Он еще и сам не знал, что до конца дней своих не перестанет искать ему замену: то в книгах о море — набьет ими полный шкаф, то заставит все комнаты фигурками кораблей, яхт, повесит на стены морские пейзажи, но так никогда и не сможет избавиться от тоски по голубым просторам и свежему бризу.
Родившись в Одессе, городе, которому не занимать добрых морских традиций, Шалико Исидорович даже не помнил, когда началось его увлечение морем. Наверное, оно засело в нем еще до появления навезет, завещанное по наследству отцом, баталером эскадренного миноносца «Стерегущий». Отец был из числа тех бунтарей-матросов, которые в феврале семнадцатого сорвали с топ-мачты андреевский флаг и, арестовав реакционно настроенную часть офицеров, подняли над кораблем красное полотнище революции. Позднее его избрали председателем судового комитета, а в восемнадцатом он был застрелен из-за угла провокатором.
Отец был легендой в доме Кочорашвили. Имя его окружалось ореолом всеобщего поклонения. У бабушки, жившей в Аркадии, висел на стене его портрет в багетной раме — вирированная, наклеенная на плотное паспарту с вензелем фирмы фотография бравого усатого крепыша в форменке и бескозырке, снятого в фас, с остановившимся взглядом, как на всех снимках тех давно минувших лет.
Маленькому Шалико не сровнялось и пяти, а он уже плавал, нырял с пирса в зеленоватую прозрачную воду, резвясь, как юркий малек в косяке таких же рыбешек-мальчишек, которых море чуть ли не с пеленок приняло в свое лоно.
Летом, едва продрав глаза, он в одних трусишках, босиком, удирал на берег, мчался по набережной, мимо задумчивой статуи Дюка Ришелье, без которого, так же как без театра, лестницы и Дерибасовской, нельзя было представить себе Одессы, мчался к берегу, чтобы с разбегу плюхнуться «уточкой» в море и бултыхаться с мальчишками до посинения.

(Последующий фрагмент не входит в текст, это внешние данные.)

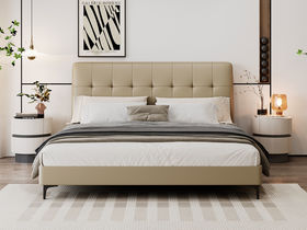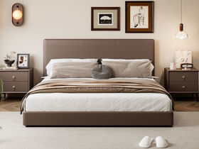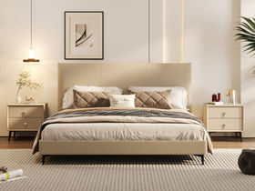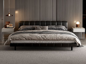 帝幔佧 现代 接触面真皮 进口松木内架 高回弹海绵 静音床板 现代简约双人床 1.8米床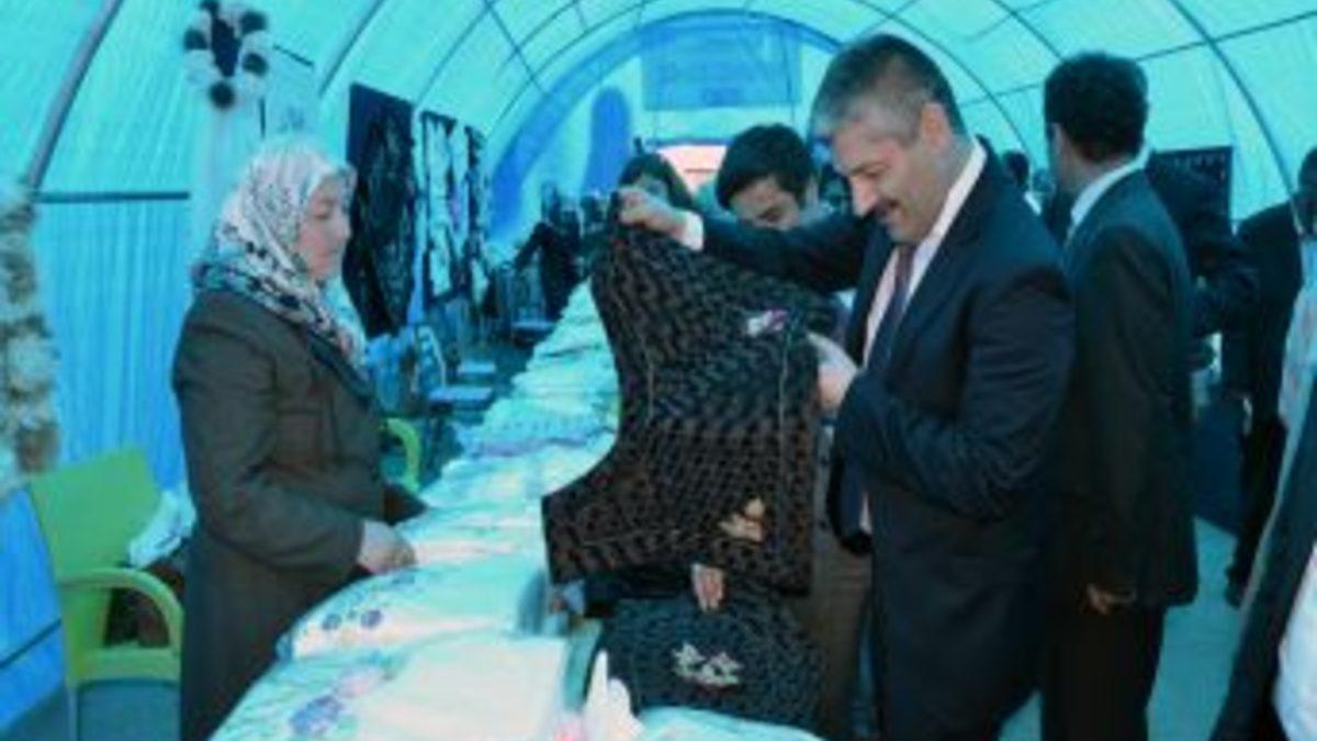 Kermeste pike takımları, bebek pike takımları, damat bohçaları, yağlı boya tablolar, salon takımları, tel kırma takımlar, iğne oyalı takımlar, mutfak takımları ve dertsiz örtüler başta olmak üzere 20 çeşit el emeği eserler ile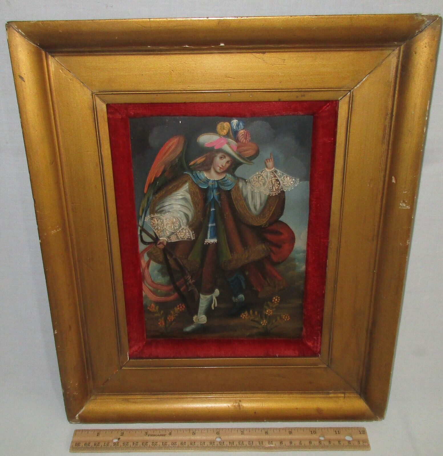 Antique 19th C Spanish Colonial Retablo Icon Religious Painting on Tin Saint
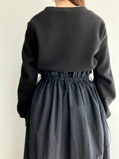 ウエストにギャザーを寄せてセパレートのようなデザイン。スカート部分はサイドでアジャストできるようになっているのでインナーを入れても十分なゆとりがあります。身体が泳ぐようなゆとりと素材感でコーディネートを楽しんでください。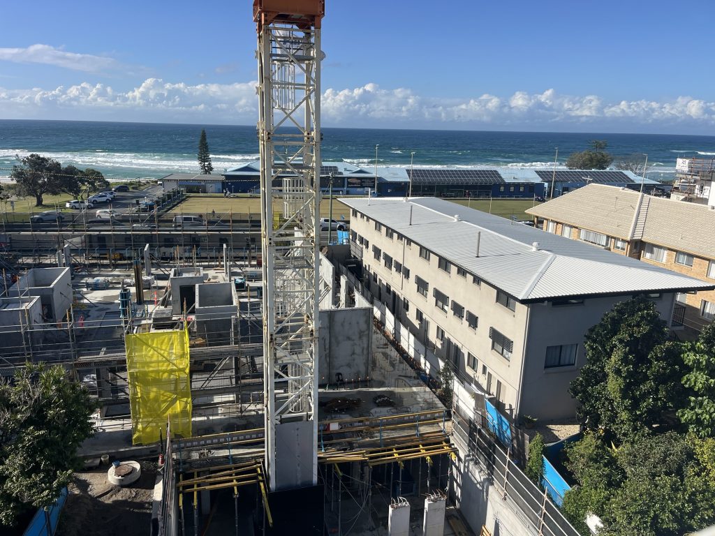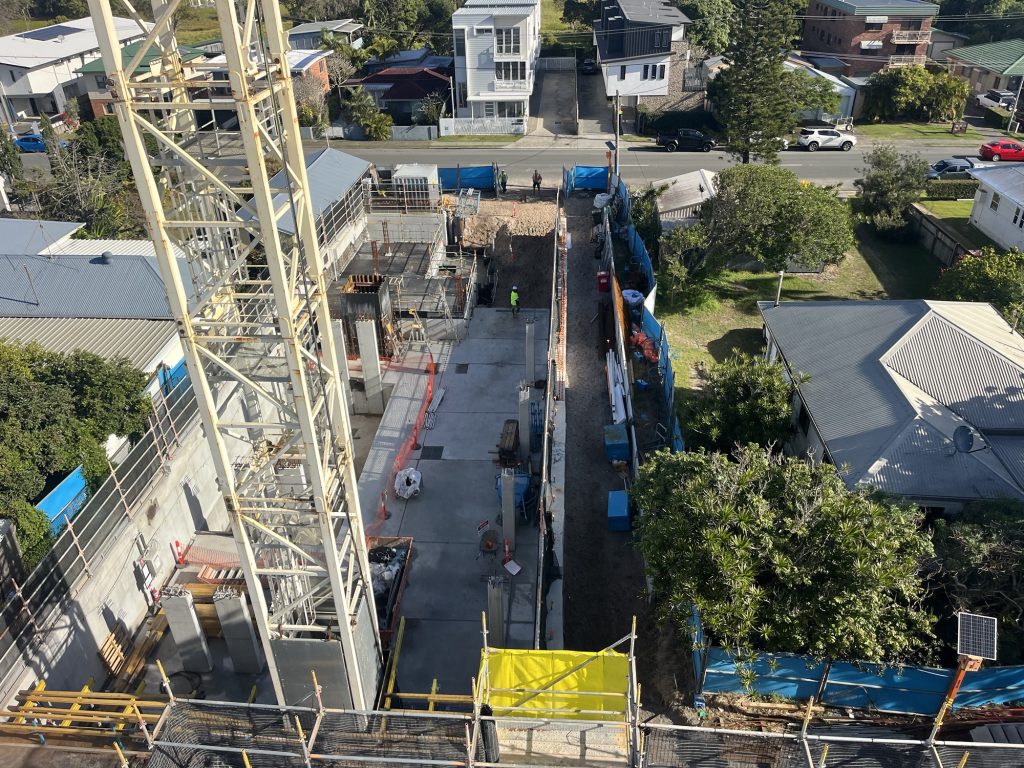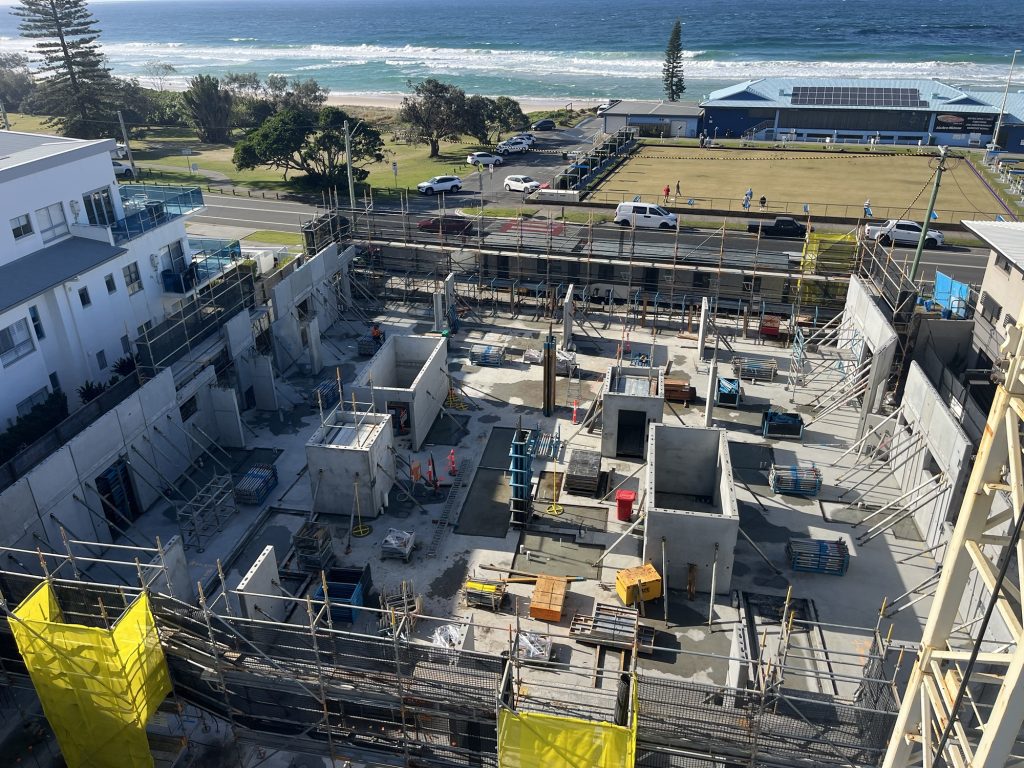 Progress at Marine & Pearl in Kingscliff continues at pace, with the project advancing steadily despite the adverse weather conditions experienced throughout March. The site team has shown exceptional resilience and adaptability, maintaining strong momentum as the development begins to transition out of the basement and into vertical structure works.

Потом всей гурьбой, с покрасневшими от соленой воды глазами, они пили сельтерскую и ели мороженое у лотков, накрытых круглыми полосатыми зонтами.
Став постарше, он полюбил штормовое море, научившись справляться с его коварным нравом не хуже любого спасателя из «Освода», знал, что входить в волны надо, когда накатывает самый тяжелый могучий вал с завихрением из клокочущей пены на макушке, не обязательно «девятый» — их может быть десять — двенадцать, — и, пронырнув его повыше средины, вовсю молотя руками и ногами, поскорей выбираться из рокочущей зоны притяжения, где волны мечутся то вперед, то вспять, толкутся как одержимые, выбрасывая на острые прибрежные камни обточенные, похожие на обглоданные кости, куски дерева, скользкие гирлянды водорослей, арбузные корки и… незадачливых, неумелых пловцов.